Confirmed LRBA related party rates to increase from 1 July

Author: Emma Partenza, Senior SMSF Manager, TAG Financial Services

The Reserve Bank of Australia Indicator Lending Rates were released earlier this week for May 2024. The impact is for SMSFs who have borrowed monies from related parties, under the safe harbour guidelines of Practical Compliance Guideline 2016/5. This PCG ensures the loan terms are set on an arm’s length basis and are commercial (i.e. terms consistent with dealing with third parties in the marketplace). Where its complied with, funds will not fall foul of non-arm’s length income provisions.

From 1 July 2024 the interest rate will again increase to 9.35% for real property, and 11.35% for listed shares/units.

A history of recent interest rates is as follows:

YearInterest rate – Real PropertyInterest rate – Listed Shares/Units
2024-259.35%11.35%
2023-248.85%10.85%
2022-235.35%7.35%
2021-225.10%7.10%
2020-215.10%7.10%
2019-205.94%7.94%

Loan repayments from the SMSF to the related party lender need to be re-calculated as a result. This will impact repayments made from July 2024 onwards.

Let’s take a fund who had an outstanding LRBA loan with the following terms (under safe harbour provisions):

Loan balance$548,000 at 1 July 2023
Interest rate9.35%
Fixed/VariableVariable
Loan term11 years remaining
SecurityRegistered mortgage
Repayment frequencyMonthly repayments of principal and interest

Monthly repayments of principal and interest are calculated to be $6,650 per month during FY2025 (up from $6,510 in FY2024). An additional $1,700 in yearly repayments need to be funded by the SMSF in 2024-25.

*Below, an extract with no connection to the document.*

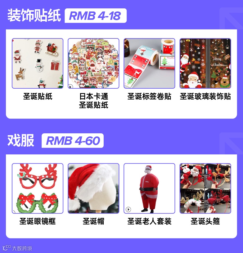 和万圣节的惊悚截然相反,圣诞节热销的商品风格多为温馨风,并且一定带有可辨识的圣诞元素特点,如红绿、圣诞老人、圣诞树、麋鹿、礼物等。结合这些元素设计的卡通装饰贴纸、头饰和戏服是当地消费者常常购买的装饰品。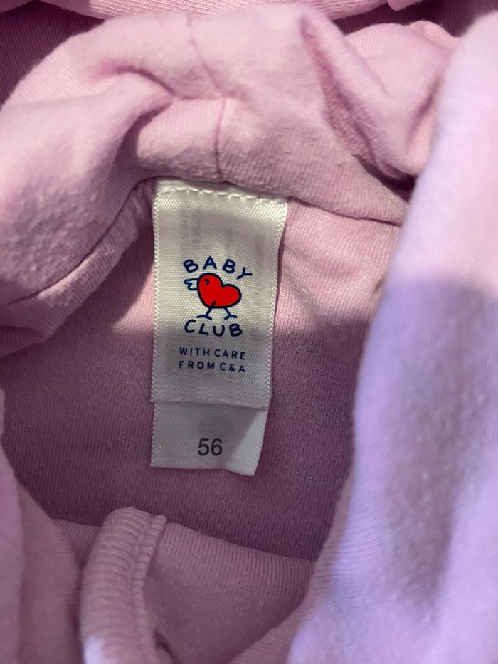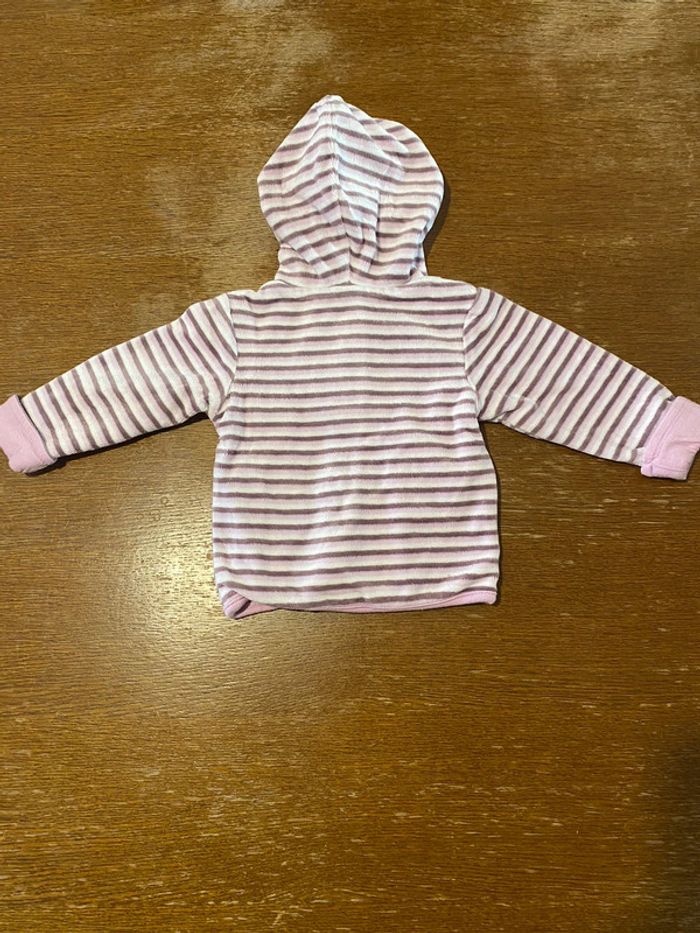 Gilet à capuche rayé rose marron et blanc 1 mois marque baby club, en très bon état #vetement1moisVero66xx

Since the significant interest rate increase in May 2023 (for FY2023-24), has meant an increase in repayments of $1,075 per month – or, $12,900 for the year!

It is crucial to ensure the right repayments are going to be made from July 2024, in compliance with the fund’s loan agreement. The interest rate increase may also have an impact on the fund’s ability to meet required repayments. Liquidity and cash flow impacts will need to be continually addressed, given the ever increasing costs of property ownership, such as significant increases in land tax.

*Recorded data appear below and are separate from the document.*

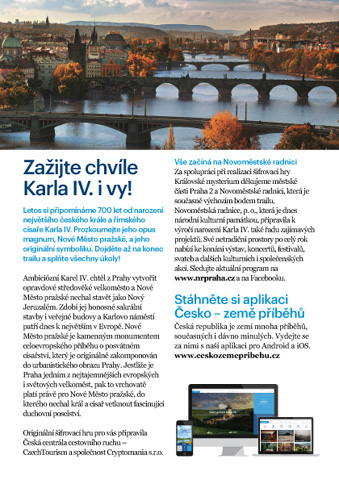 CzechTourism se připojil k oslavám výročí 700 let od narození českého krále a římského císaře Karla IV. Od 1. dubna 2016 si tak mohou nadšenci luštění tajných kódů vyzkoušet novou, zdarma přístupnou šifrovací hru „Královské mysterium“ po stopách Karla IV. na Novém Městě pražském.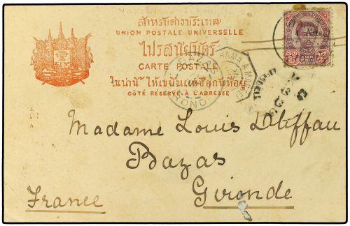 1900 Picture post card to FRANCE written from KRUNG KAO with CHULA SAKARAT datestamp bearing 4 on 12 a purple and carmine (SG 59) tied by PAK PHRIEO datestamp, sent by French paquebot with octagonal YOKOHAMA A MARSEILLE transit with BAZAS FRENCH arrival. Scarce postmark from Saraburi Province.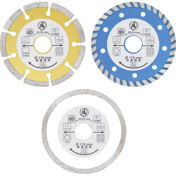 BGS Technic Diamond Disc Set | Drill Hole Ø 20 mm | Ø 115 mm | 3 pcs. has been added to your cart

    • Additional contributions made into the fund for members;
      Consider TSB impacts to members where the LRBA was entered into after 1 July 2018 (or refinanced after that date).
    • Rolling over monies that may be held in member’s external superannuation funds; or
    • Adding new members into the fund (as we now have up to 6 members).

For those Funds with related party tenants review the lease arrangements for opportunities to increase rent (in line with market yields).

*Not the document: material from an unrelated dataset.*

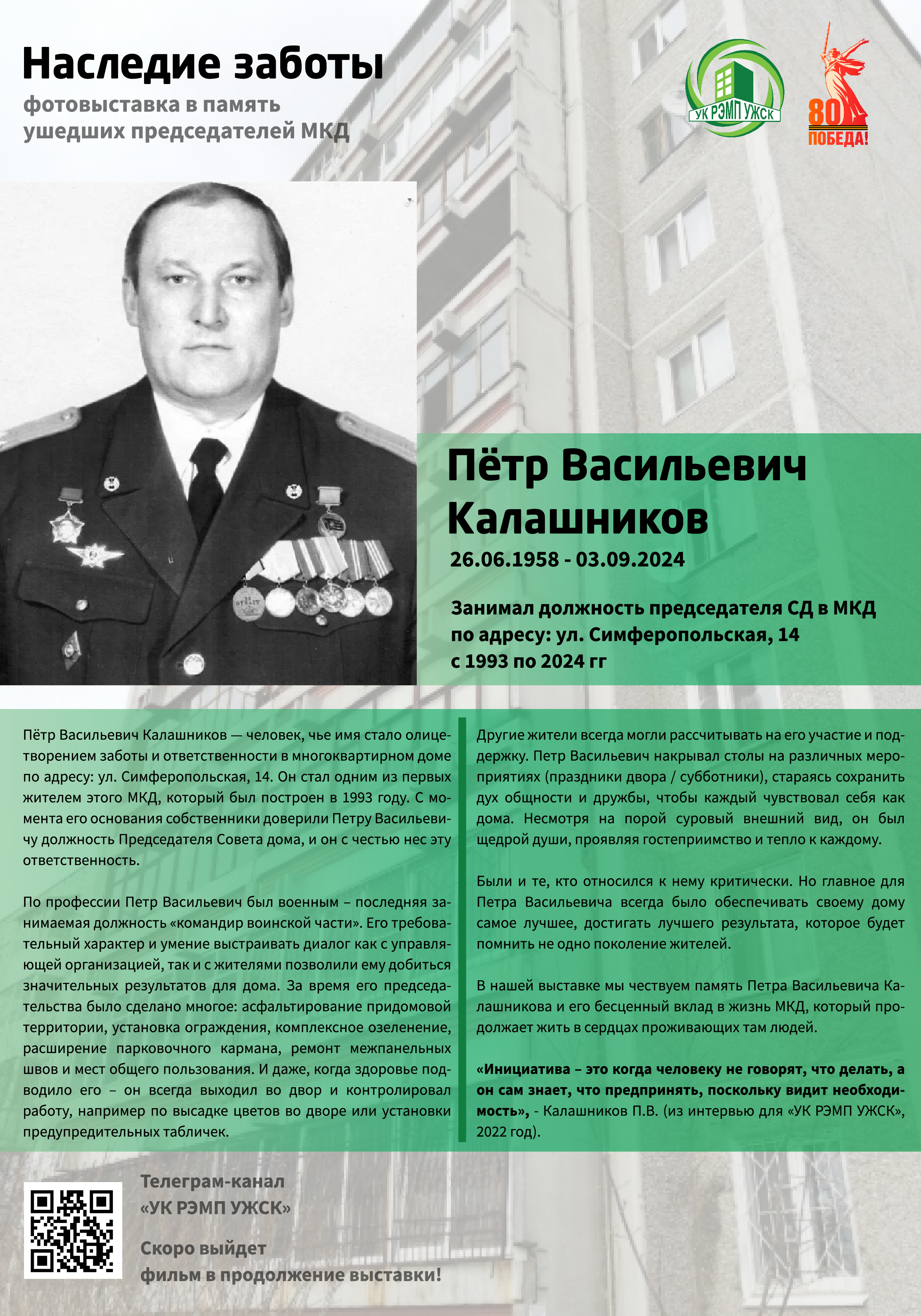 В нашей выставке мы чествуем память Петра Васильевича Калашникова и его бесценный вклад в жизнь МКД по адресу: ул. Симферопольская, 14, который продолжает жить в сердцах проживающих там людей.

It’s therefore critical trustees considering and reviewing the investment strategy of the fund be taking action to put in place strategies to ensure the fund can continue to meet its increased obligations under the LRBA loan.

Join us for the TAG Superannuation Strategies Seminar 2024

To delve further into this topic as well as earn valuable CPD points, please come along and join us at our annual TAG Super Seminar on Tuesday 23 July.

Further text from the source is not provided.